Value Added Tax Guide For Ltd Companies

VAT accounting is one of those issues that effect almost every commercial enterprise in one form or the other. It provides a lot of new business owners with sleepless nights. However, it can be easy to understand and simple to apply if you get the proper explanation of the basics.

Value added tax (VAT) is the government’s way of collecting a tax on goods and services sold in the UK, familiar to most as it adds extra pennies when purchasing something. But for businesses, VAT can make or break their success so it’s essential that your VAT strategy be carefully thought out and implemented correctly.

Who needs to register for VAT?

Under certain conditions, businesses must register for VAT. One such circumstance is when their taxable turnover surpasses a certain threshold in any 12-month period – this threshold varies each year and the threshold for past and present years can be found on Revenue’s website.

Alternately, your business may need to register for VAT if it acquires another existing business and you anticipate that its combined taxable turnover exceeds the threshold. If it is currently VAT-registered but you believe you can stay below it without breaching threshold, voluntary registration could be available as a solution.

Register for VAT when buying goods or services from another EU country; in these instances, the authorities of that nation require that you pay VAT to them directly.

Registering for VAT requires periodic returns as well as payments, to avoid financial penalties from HM Revenue and Customs (HMRC). Failure to meet these requirements could incur substantial financial penalties from HMRC.

How do you register for VAT?

VAT is an indispensable requirement of most UK businesses.
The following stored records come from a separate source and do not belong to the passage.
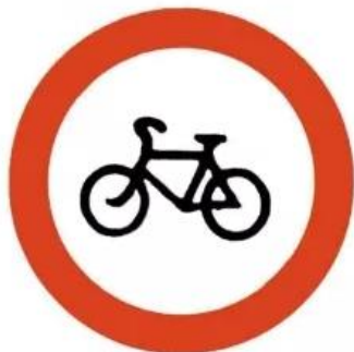
Движение на велосипедах запрещено
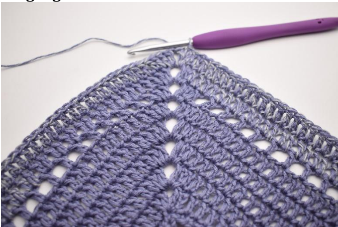
1. Lag km bort til lm-mellomrommet. Lag 3 lm (som erstatter 1.stv). Hekle 1 stv, 2 lm, og 2 stv i lm-mellomrommet. Hekle 1 stv i de neste 91 m. I lm-mellomrommet hekles *2 stv, 2 lm, 2 stv*. Hekle 1 stv i de siste 91 m. Avslutt med 1 km.
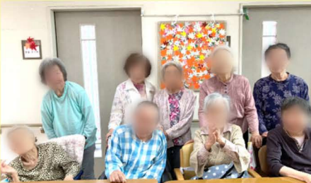
恒例の集合写真。毎回7チャ7チャです！
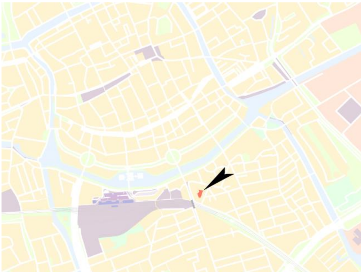
Figuur 1 : ligging plangebied op stadsniveau

Dit bestemmingsplan vervangt een klein deel van het bestemmingsplan Oosterpoort. Onderstaande figuur laat het gebied zien waarvoor dit bestemmingsplan van toepassing is. Het plangebied betreft een binnenterrein, geheel omsloten door bestaande bebouwing.
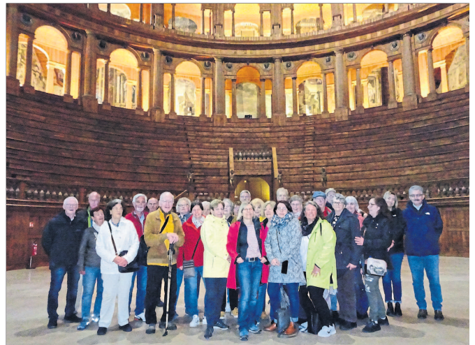
Die Butzbacher Delegation genoss den Besuch im Teatro Farnese.

Danach ging es zur Besichtigung einer Weinkellerei in der Nähe von Collecchio. Der Besitzer des Weinguts, das sich dem biologischen Anbau verschrieben hat, erläuterte ausführlich die Herstellung und die Qualität des Weines. Nach dem gemeinsamen Mittagessen
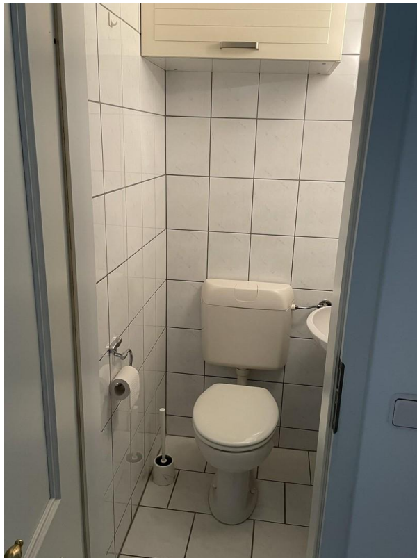
Beispiel Gäste WC
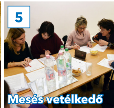
5 Mesés vetélkedő
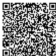
Rys. 3. Wizytówka autorki – kod QR

Za pomocą QR kodu można zapisać m. in. adres URL witryny, jakikolwiek tekst, numer telefonu, adres e-mail, vCard (wizytówka zawierająca imię, nazwisko oraz dane kontaktowe – rys. 3), SMS (numer telefonu, wiadomość), notatkę dotyczącą wydarzenia (nazwa, data oraz czas trwania, opis), współrzędne geolokalizacji (m.in. restauracji, hoteli), wifi network (SSID, hasło, typ sieci).
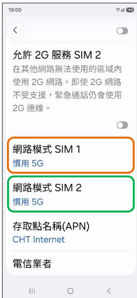
4.網路模式 SIM1/SIM2 (例：SIM1)
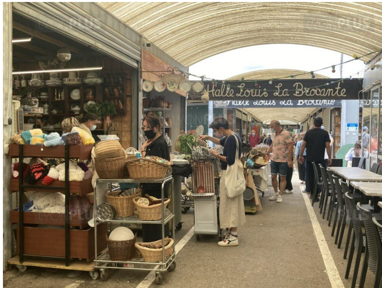
Dans ce village décalé et atypique, chaque objet raconte une histoire et chaque visiteur peut replonger dans ses souvenirs.
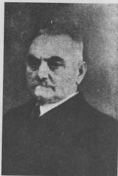
Г. Б. Андгуладзе, генерал-лейтенант
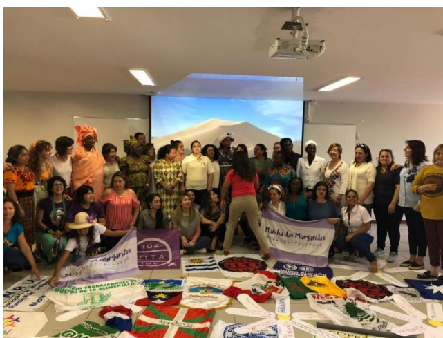
Rencontre mondiale des femmes paysannes au Brésil en 2019 en vue d'adopter une stratégie commune pour la réalisation de l'ODD n° 5

« Adopter des politiques bien conçues et des dispositions législatives applicables en faveur de la promotion de l'égalité des sexes et de l'autonomisation de toutes les femmes et de toutes les filles à tous les niveaux et renforcer celles qui existent ».
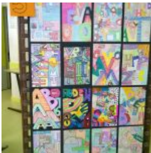
Arts plastiques 2
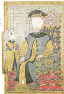
Ahmet III (1703-1730) règne pendant une renaissance culturelle appelée l'époque des Tulipes (p. 25)
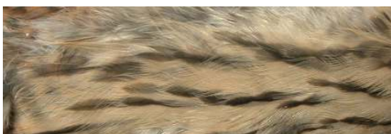
Cernícalo primilla. Juvenil. Diseño del flanco: arriba macho (26-VI); abajo hembra (26-VI).
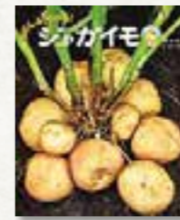
「ぜんぶわかる！ ジャガイモ」 安田守/著、森元幸/監修

平成16年、懲役刑を受けて出所した沖が暴走を始めた矢先、かつて大上の薫陶を受けた呉原東署の刑事、日岡が沖に接近し…。『孤狼の血』シリーズ完結編。学芸通信社の配信により『岩手日報』などに掲載されたものを単行本化。
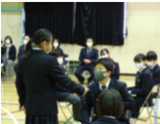
3年生にインタビュー
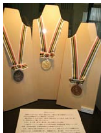
東京オリンピックメダルも作られました。
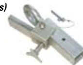
■ Adaptador para enganche de clavija DH-15/
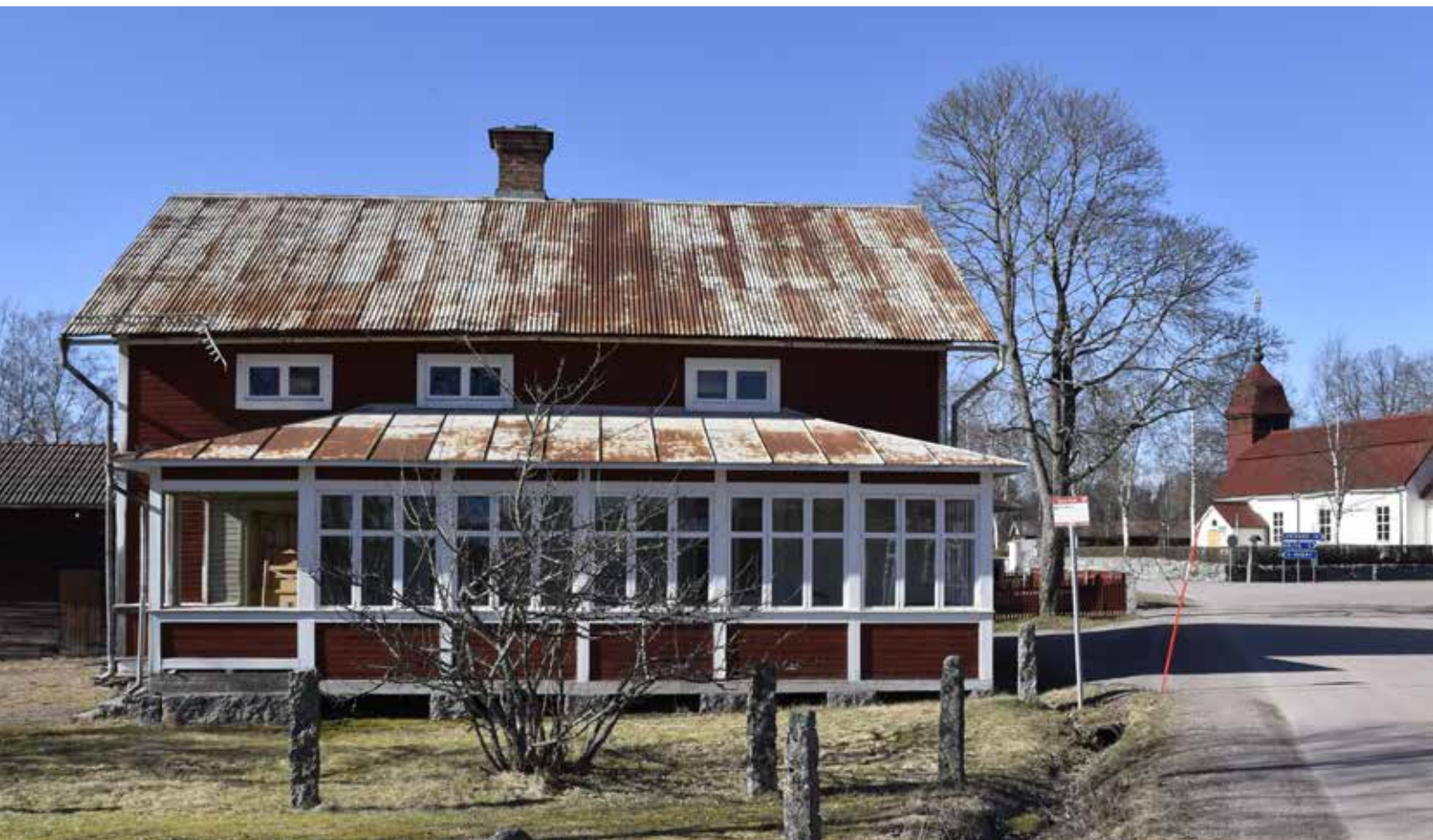
Före detta Hanses café med karaktäristisk glasveranda som har kuverttak. Byggnaden är i grunden ett korsplanshus. Djura 17:3.
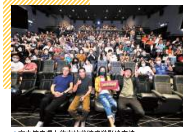
方中信走遍九龍東的戲院感激影迷支持。
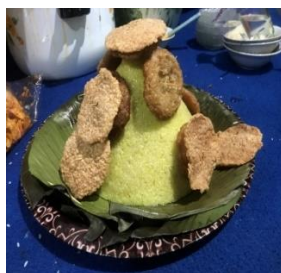
Gambar 5. Salomak Kuniang

Salomak kuniang merupakan makanan tradisi dan simbol makanan adat yang biasa disajikan untuk menjamu niniak mamak dan tokoh masyarakat yang hadir dalam berbagai upacara adat, maka dari itu masyarakat Tabek Patah menjadikan salomak kuniang bentuk hantaran dalam tradisi maarak anak , sehingga masyarakat mengartikan salomak kuniang sebagai kapalo adek yang tidak boleh ditinggalkan dalam tradisi apapun. Dalam tampilannya salomak kuniang didampingi oleh botiah dan pinyaram yang ditusuk di sisi atas dan samping salomak kuniang tersebut yang dijadikan sebagai pelengkap dan penyempurna bentuk dari salomak kuniang .
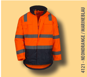
4121 - NEONORANGE / MARINEBLAU
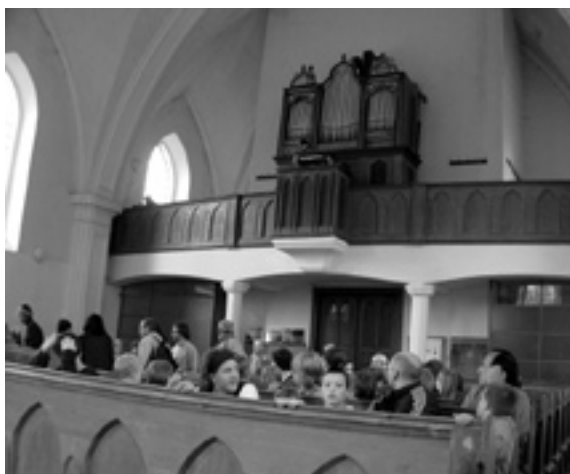
Kostel ve Velké Lhotě před bohoslužbou

It must be charged on any goods or services sold – regardless of whether that sale occurs between businesses or between businesses and consumers – while businesses registered for VAT can reclaim any VAT they paid when covering expenses (provided they can prove they paid it).

Your annual taxable turnover must surpass the registration threshold, currently set at PS85,000. To quickly ascertain where you stand, HMRC provides an online VAT registration calculator which you can use.

HMRC recommends keeping detailed records of your sales and purchases, including VAT components where relevant, even when not VAT registered. This can assist if you decide to become VAT registered later on; additionally it helps track cashflow while calculating potential VAT refunds you might qualify for.

Registering for VAT requires filling out and submitting relevant forms through Revenue’s eRegistration service, either online or by post.

If you choose to apply online, simply log into Government Gateway using your details, select “Get another tax, duty or scheme”, complete all requested fields and submit any supporting documents necessary – your VAT number should arrive within 30 days!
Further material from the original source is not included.